Y la segunda cuestión: ¿para qué murió Jesús en la Cruz?. ¿Fue la cruz una “desgracia”, una “maldición
de Dios”, como pensaban los judíos, pues está en la Biblia, en el Lev.?. S.Jn.
nos recuerda que “si el grano de semilla no cae en tierra y muere, no da fruto,
pero si muere, es fuente de vida abundante”. Es necesario pasar por la pasión y
la muerte para que la vida crezca y se desarrolle en nosotros. Es necesario
pasar por el sacrificio de la propia vida para que se manifieste la vida
verdadera que Dios quiere desarrollar en cada uno de nosotros. La vida
verdadera es misericordia, amor, servicio, ternura,…. Y todo ello sólo crece a
través del sacrificio y la entrega.
El
mal espíritu nos empuja a cerrarnos en nuestro capricho, nuestro egoísmo,
nuestro yo. Jesús nos invita a lo
contrario, para que tengamos vida y vida en abundancia. Todos llevamos dentro
la semilla del amor, del bien, del deseo de ser felices. Pero muchos no lo
descubren. La vida cómoda, fácil adormece ese deseo, nos invita a conformarnos
con ir pasando. A vivir “sólo de pan y diversiones”. Pero enfrentar el mal y el
dolor, sobre todo cuando es injusto, avivan ese deseo. Nos pone frente a la
verdad de la vida, nos despierta el deseo del bien. Y nos preguntamos ¿por
qué?.
Es
entonces cuando el Señor viene en nuestra ayuda. Y nos muestra su vida, de entrega,
de servicio, de amor. Y nos muestra el camino de la vida verdadera. Ese camino
que a Él le llevó a la Gloria, a la Vida divina, pero pasando por la Cruz. Quisiéramos llegar a la vida feliz, pero sin
pasar por la cruz. La vida moderna, el consumismo, la riqueza nos lo ofrecen.

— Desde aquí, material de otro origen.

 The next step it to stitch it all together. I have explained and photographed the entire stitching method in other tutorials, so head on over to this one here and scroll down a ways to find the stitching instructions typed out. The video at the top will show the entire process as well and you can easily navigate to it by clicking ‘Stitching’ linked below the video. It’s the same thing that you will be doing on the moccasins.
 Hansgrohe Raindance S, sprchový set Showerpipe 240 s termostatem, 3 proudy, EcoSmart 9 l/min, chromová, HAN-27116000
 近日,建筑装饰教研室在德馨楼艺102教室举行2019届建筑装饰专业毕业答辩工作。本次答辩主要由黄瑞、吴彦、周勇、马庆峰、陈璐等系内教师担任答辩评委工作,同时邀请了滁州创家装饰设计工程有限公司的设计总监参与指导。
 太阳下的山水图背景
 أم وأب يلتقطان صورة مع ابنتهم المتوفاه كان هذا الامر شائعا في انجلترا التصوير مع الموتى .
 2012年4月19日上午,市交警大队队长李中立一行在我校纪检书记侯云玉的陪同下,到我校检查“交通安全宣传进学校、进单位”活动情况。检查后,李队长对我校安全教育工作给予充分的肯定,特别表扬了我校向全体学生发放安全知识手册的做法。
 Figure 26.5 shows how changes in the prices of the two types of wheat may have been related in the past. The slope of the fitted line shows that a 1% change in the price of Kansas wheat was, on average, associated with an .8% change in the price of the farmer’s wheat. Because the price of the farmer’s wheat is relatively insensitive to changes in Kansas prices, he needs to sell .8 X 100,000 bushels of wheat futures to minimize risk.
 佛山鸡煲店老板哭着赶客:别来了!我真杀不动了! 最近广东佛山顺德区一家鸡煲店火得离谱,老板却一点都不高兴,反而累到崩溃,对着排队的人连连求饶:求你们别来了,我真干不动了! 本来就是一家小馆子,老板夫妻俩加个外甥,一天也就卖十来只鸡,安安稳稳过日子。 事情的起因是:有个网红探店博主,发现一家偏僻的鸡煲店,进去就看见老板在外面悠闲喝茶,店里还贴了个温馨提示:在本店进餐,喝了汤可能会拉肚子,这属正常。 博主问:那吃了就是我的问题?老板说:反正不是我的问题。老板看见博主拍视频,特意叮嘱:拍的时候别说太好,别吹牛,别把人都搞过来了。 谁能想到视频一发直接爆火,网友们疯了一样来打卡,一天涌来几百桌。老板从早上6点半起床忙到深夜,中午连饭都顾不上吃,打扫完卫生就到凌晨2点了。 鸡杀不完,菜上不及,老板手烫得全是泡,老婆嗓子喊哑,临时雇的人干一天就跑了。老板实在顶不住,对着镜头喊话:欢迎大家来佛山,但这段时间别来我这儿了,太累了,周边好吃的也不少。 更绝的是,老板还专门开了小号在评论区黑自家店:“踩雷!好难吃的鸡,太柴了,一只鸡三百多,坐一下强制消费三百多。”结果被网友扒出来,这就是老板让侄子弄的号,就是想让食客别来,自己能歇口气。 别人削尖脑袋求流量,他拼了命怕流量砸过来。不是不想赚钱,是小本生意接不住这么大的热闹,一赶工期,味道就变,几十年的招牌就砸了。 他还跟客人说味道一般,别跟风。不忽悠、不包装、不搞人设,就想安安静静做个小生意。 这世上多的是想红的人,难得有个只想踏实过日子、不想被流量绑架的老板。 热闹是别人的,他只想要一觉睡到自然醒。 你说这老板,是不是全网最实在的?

Pero esa es la gran mentira. La vida verdadera, la vida en fraternidad, en paz
y alegría, sólo se alcanza por el camino de Jesús. La buena gran noticia es que
ese camino se nos ofrece a todos, a todo el que quiera seguirlo, esté donde
esté y no importa la vida que haya llevado antes, aunque haya sido una vida
extraviada, perdida. Jesús nos invita a todos al banquete de la Vida. Y esa
vida ya ha comenzado, no será sólo al final, para “los buenos”. Es para todo
aquel que crea en Él y empiece a seguirlo. Jesús murió en la Cruz para
aliviarnos ayudándonos a cargar las cruces de la vida. Para iluminarnos la
oscuridad del dolor y el sufrimiento, para que ayudándonos unos a otros a
cargar las cruces de la vida, experimentemos que esa vida ya ha comenzado.
Siguiéndolo como hermanos empezamos a sentir que el Reinado de Dios, de la Paz,
de la Vida, la fraternidad, la alegría, ya ha comenzado.
Estamos viviendo la cuarentena del
coronavirus. Tenemos que limitar mucho nuestros deseos y caprichos. Limitar
nuestro consumo y nuestras comodidades. Pero se nos ofrecen tantas
posibilidades de ocuparnos unos por otros, de compartir lo que somos y tenemos
y de cambiar a una vida más fraternal, más humana, más plena. Hagámoslo con fe y alegría, que el Señor nos
acompaña y nos enseña el camino para una vida más digna de hijos de Dios y más
feliz. Que este acontecimiento no es una desgracia, un castigo, una maldición,
sino lo contrario, un tiempo de gracia y de bendición.